By Robert Hauver
With the S&P 500 up over 8% year-to-date, finding undervalued dividend paying stocks has become more of a challenge, but we did find two, hiding in plain sight, in the resurgent US auto industry, of all places. It’s been a bit over 3 years since we generous taxpayers bailed out the Auto industry, and now it appears that Ford is finally on a growth path, and GM is also projected to grow its earnings in 2012, after a Q4 2011 EPS slowdown. Both of these firms had impressive year-over-year EPS growth, as did the overall auto industry.
Take a look at these very low P/E’s – 2.44 for Ford, and 5.43 for GM, which, coupled with their strong growth forecasts for 2012, give these 2 stocks some of the lowest PEG ratios currently seen in the market:
Dividends: Ford just rejoined the world of dividend stocks in 2012, reinstating its quarterly dividend, after a 5-year-plus gap. GM says it hasn’t any plans to reinstate its common share dividends, but GM does have this to offer: 4.75% Series B Mandatory Convertible Junior Preferred shares, which pay a $.59375/share quarterly dividend. These preferred shares are trading at $41.54, a 17% discount to the par $50.00 call price, and offer a 5.72% dividend yield.
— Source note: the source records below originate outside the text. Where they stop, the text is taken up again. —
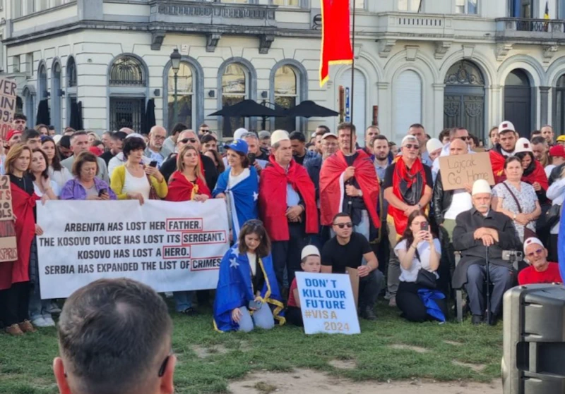 Protestë e shqiptarëve emigrantë para Parlamentit Evropian në mbrojtje të interesave të Kosovës. Këtu nuk po shihet asnjë politikan kosovar, asnjë analist kosovar — ata që duan të na e ndalin votën për atdheun tonë të shtrenjtë.
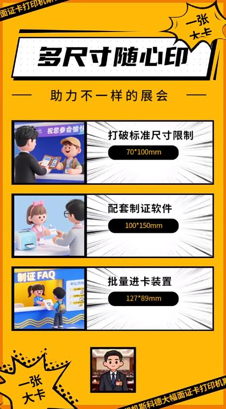 传统的标准卡尺寸工牌无法承载足够的创意,而市面上能打大卡的设备,操作繁琐,无法满足人事部门快速、批量制证的需求。
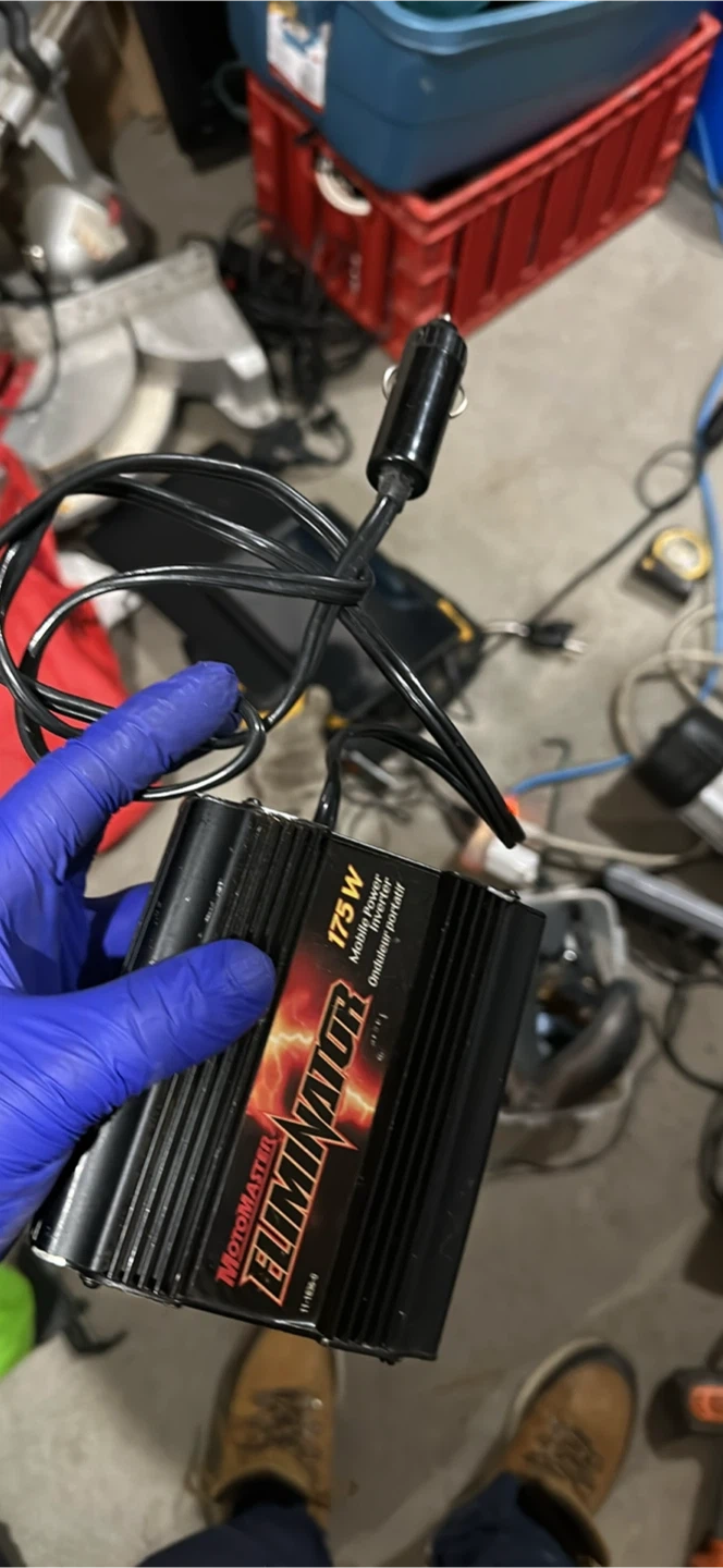 This Motomaster Eliminator mobile power inverter offers 175W of power. It's great for charging devices on the go! Plugs into a car's cigarette lighter socket.
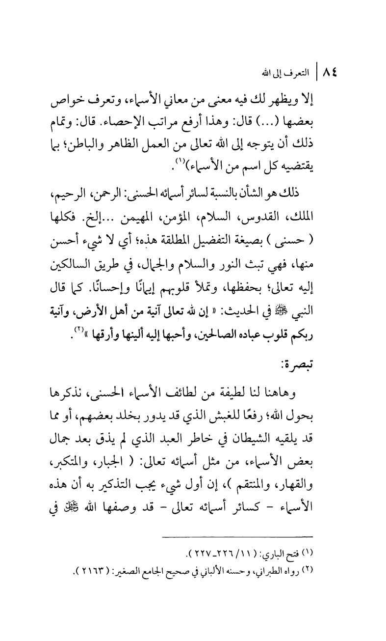 إلا ويظهر لك فيه معنى من معاني الأسماء، وتعرف خواص بعضها (...) قال: وهذا أرفع مراتب الإحصاء. قال: وتمام ذلك أن يتوجه إلى الله تعالى من العمل الظاهر والباطن؛ بما يقتضيه كل اسم من الأسماء) (¬1).

GM’s Preferred B shares must convert on 12/1/2013 into a varying amount of GM common shares, based upon these formulas:
A. 1.2626 common shares per preferred unit, if GM’s common stock is equal to or more than $39.60; OR,
B. 1.5152 common shares per preferred unit, if GM’s common shares are at $33.00 or less.
Here’s the rub: at GM’s current $25.14 price/common share, the conversion would equal just $38.09, a $3.45 conversion shortfall to the preferred shares’ current price of $41.54. So, GM’s common stock would have to rise to $27.42 to break even at conversion time in Dec. 2013.
Alternatively, it would take collecting approx. 6 quarterly dividends, through 9/1/12, to overcome the $3.45 shortfall. A third, and more profitable outcome would be if GM rises past $27.42 and you collect the quarterly dividends in the meantime.
You can find the GM preferred shares listed on Yahoo Finance with the ticker, GM-PB. Financial and brokerage websites seem to love making preferred shares as confusing as possible, by giving them varying symbols. There’s also not a lot of backup info, such as dividend history and terms, on the web for preferreds. However, preferred shares can be a lot less volatile in times of market volatility.
Covered Calls: If those arcane conversion calculations and potential outcomes are giving you a headache, don’t sweat it- there’s an easier way to profit from GM.
You can sell Sept. 2012 Covered Call options on GM’s common shares, and earn nearly as much option $ now, as you’d earn in 12 months of holding the preferred shares.
There’s also the additional potential for earning an additional assigned price gain of $.86/share, if GM rises past the $26.00 strike price, which would most likely result in your GM shares being assigned/sold at expiration time. The caveat with selling covered call options is that you’re earning an option premium now, in return for agreeing to sell at the strike price up until the expiration date.
(You can discover additional details for this and over 30 other high options yields trades in our Covered Calls Table.)
Cash Secured Puts: Maybe you’re not so bullish on the market, or on Ford or GM, so you don’t want to buy them at their current prices? Fortunately, both of these stocks have lucrative put options yields, which offer cash secured put sellers the chance to get paid now to wait.
These two put options trades listed below both have put options that are below the current stock prices of Ford and GM, and thereby give you the opportunity to achieve a lower break-even cost that’s over 10% below these stocks’ current prices.
As with selling call options, selling puts offers a quick payment of the option premium, within 3 days of the option sale, so you get the use of the option premium $ right away. Your broker will secure cash in your account that’s equal to the number of puts that you sell, times 100, times the strike price, hence the name cash secured puts. (Each option contract corresponds to 100 shares of the underlying stock.)
(You can find more details on these and over 30 other high yield Cash Secured Puts trades in our Cash Secured Puts Table.)
Share Performance & Technicals: Both Ford and GM are well off their 52-week highs. Both of these stocks have been some of the best stocks to buy in 2012 for price gains, but they’re still down over the past year. They’re currently in the Relative Strength neutral zone, being neither overbought or oversold:
Author owns shares of Ford, and used to own a Mustang, back in the Stone Age.
Disclaimer: This article is written for informational purposes only and isn’t intended as investment advice.